» **What is needed**
Starting with the line that holds "Table 1: Behaviours That Build Trust" and stopping after the line that holds "煎蛋,汉堡,蔬菜饼,肉肠。;", repeat the lines below word for word, without the pictures.

» **Material shown**
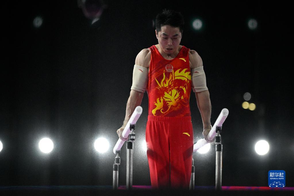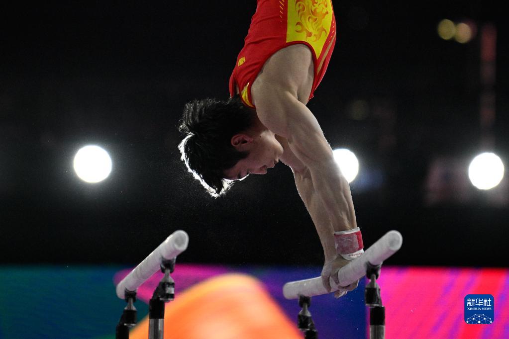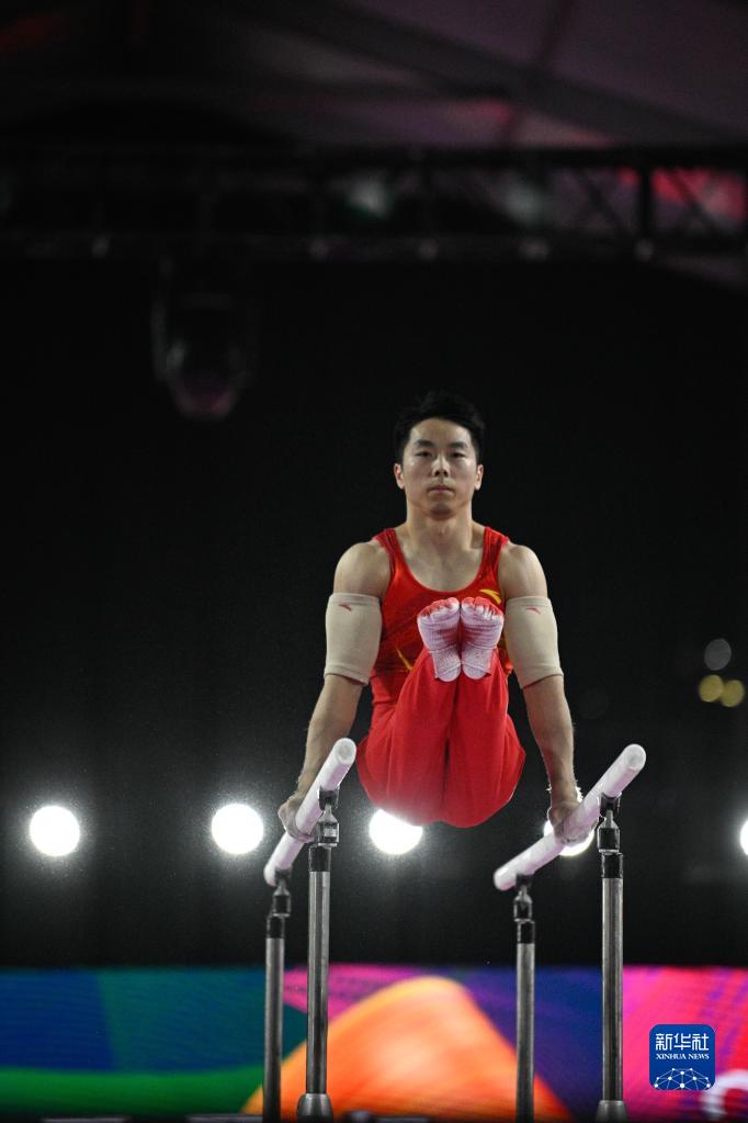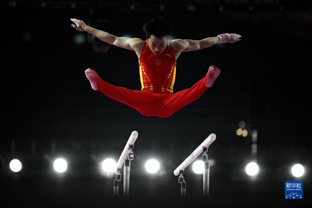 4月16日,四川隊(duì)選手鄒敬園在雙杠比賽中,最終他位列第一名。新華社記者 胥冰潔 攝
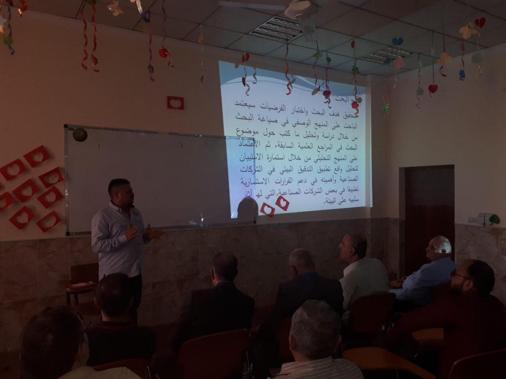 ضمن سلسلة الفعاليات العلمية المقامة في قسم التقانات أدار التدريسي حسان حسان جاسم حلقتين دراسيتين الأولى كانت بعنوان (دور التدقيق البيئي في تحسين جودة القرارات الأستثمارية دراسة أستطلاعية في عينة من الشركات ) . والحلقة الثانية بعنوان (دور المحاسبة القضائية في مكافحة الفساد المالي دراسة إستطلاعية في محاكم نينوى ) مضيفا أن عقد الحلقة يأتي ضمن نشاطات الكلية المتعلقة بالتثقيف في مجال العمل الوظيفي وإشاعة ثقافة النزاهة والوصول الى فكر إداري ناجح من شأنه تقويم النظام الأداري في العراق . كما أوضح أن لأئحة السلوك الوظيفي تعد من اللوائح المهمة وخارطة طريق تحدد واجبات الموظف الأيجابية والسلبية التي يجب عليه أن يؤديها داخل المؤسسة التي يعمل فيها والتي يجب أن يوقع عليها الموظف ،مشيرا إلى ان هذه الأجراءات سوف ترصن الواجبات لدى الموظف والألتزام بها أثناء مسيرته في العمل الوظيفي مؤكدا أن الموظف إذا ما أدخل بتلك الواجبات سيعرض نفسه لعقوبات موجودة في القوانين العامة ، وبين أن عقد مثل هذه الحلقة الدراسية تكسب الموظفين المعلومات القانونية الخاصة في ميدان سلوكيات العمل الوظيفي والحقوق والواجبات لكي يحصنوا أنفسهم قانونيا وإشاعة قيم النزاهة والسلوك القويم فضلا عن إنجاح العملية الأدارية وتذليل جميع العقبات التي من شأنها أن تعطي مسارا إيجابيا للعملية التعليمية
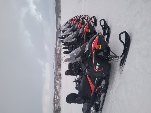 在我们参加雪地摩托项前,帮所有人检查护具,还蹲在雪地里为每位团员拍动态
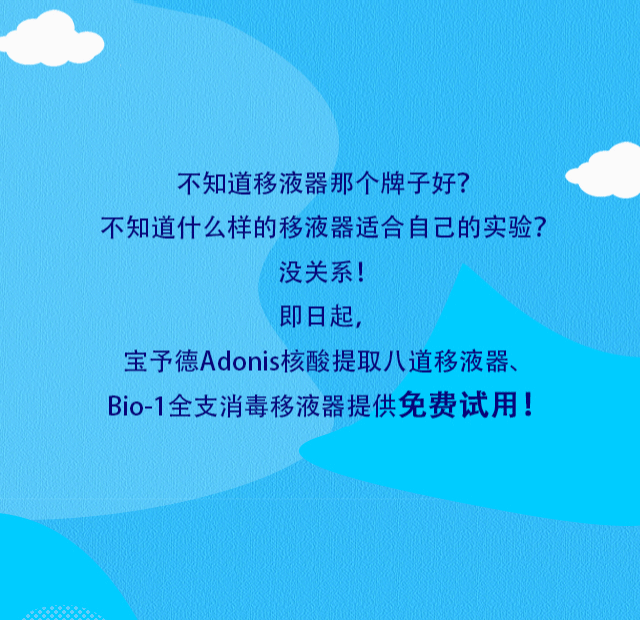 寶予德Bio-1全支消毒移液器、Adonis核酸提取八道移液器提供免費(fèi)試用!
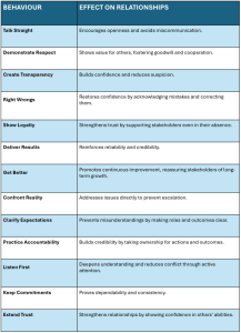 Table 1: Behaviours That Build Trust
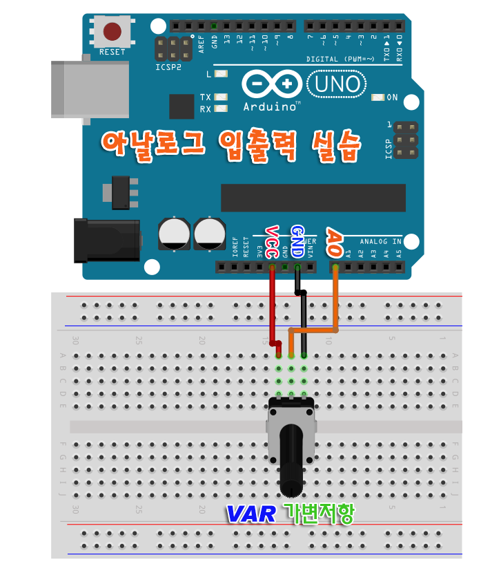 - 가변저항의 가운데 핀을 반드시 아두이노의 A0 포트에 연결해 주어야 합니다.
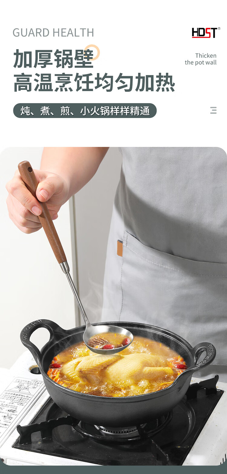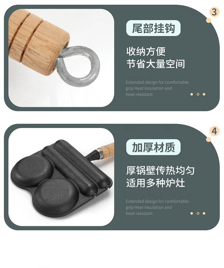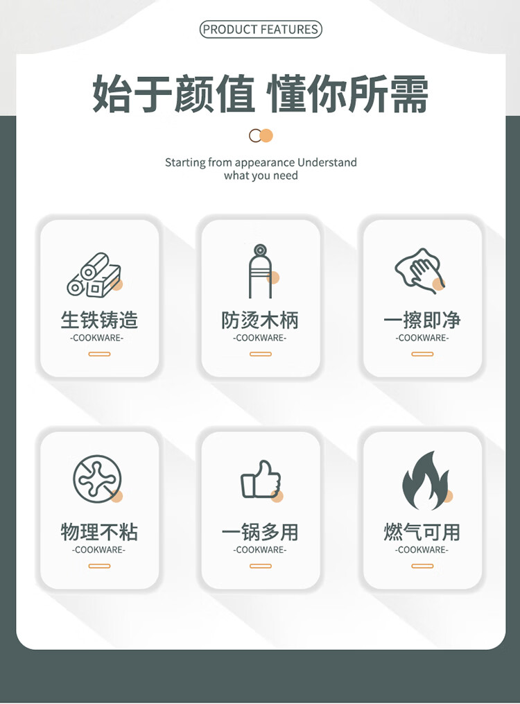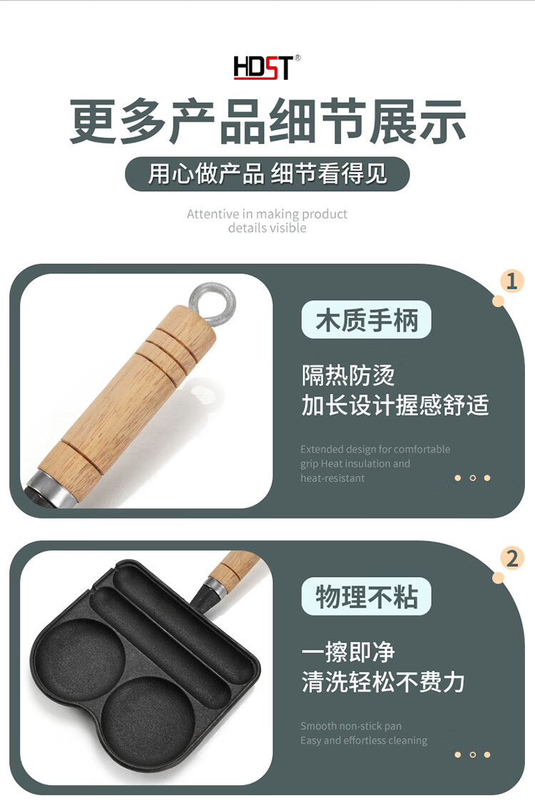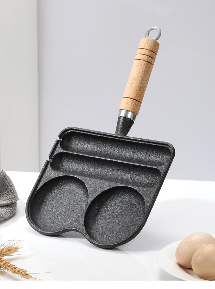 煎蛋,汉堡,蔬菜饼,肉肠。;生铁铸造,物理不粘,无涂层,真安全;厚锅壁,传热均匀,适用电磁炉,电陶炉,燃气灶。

* * *

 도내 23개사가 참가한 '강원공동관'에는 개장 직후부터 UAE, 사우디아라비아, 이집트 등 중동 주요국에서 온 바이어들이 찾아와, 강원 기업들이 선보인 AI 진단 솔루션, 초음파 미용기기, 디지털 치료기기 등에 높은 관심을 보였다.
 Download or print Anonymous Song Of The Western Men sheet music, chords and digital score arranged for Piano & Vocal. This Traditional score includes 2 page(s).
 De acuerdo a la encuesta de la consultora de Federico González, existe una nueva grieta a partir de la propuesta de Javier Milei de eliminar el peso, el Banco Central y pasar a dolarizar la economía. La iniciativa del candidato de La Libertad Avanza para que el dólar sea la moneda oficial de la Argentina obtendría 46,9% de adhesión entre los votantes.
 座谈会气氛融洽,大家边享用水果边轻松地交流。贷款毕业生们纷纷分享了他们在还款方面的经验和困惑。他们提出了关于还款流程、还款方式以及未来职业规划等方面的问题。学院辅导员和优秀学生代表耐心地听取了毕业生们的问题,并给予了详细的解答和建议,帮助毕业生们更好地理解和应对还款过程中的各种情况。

---

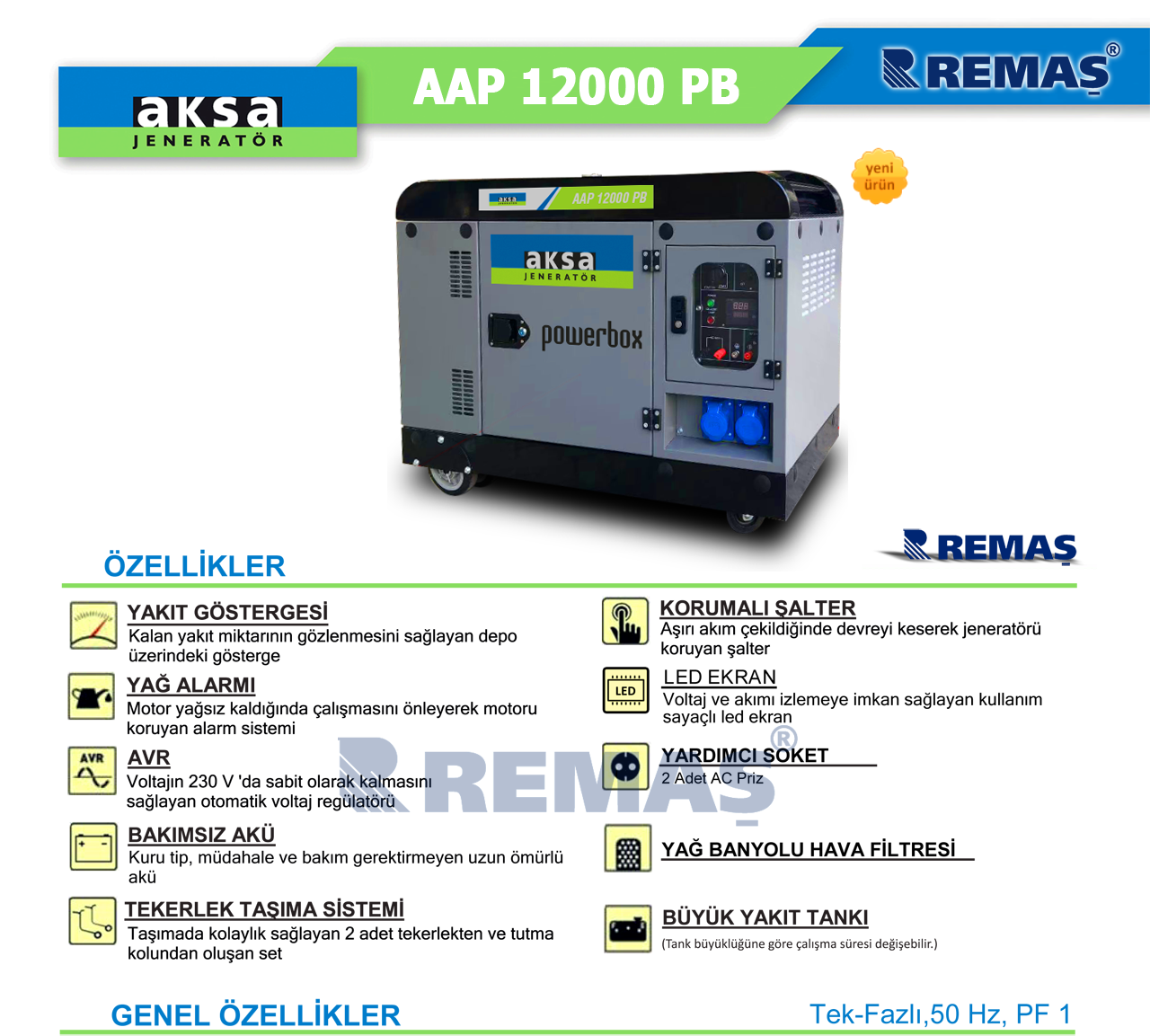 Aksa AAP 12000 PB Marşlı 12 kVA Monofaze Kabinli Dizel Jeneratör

» **Expected output**
 Table 1: Behaviours That Build Trust
 - 가변저항의 가운데 핀을 반드시 아두이노의 A0 포트에 연결해 주어야 합니다.
 煎蛋,汉堡,蔬菜饼,肉肠。;生铁铸造,物理不粘,无涂层,真安全;厚锅壁,传热均匀,适用电磁炉,电陶炉,燃气灶。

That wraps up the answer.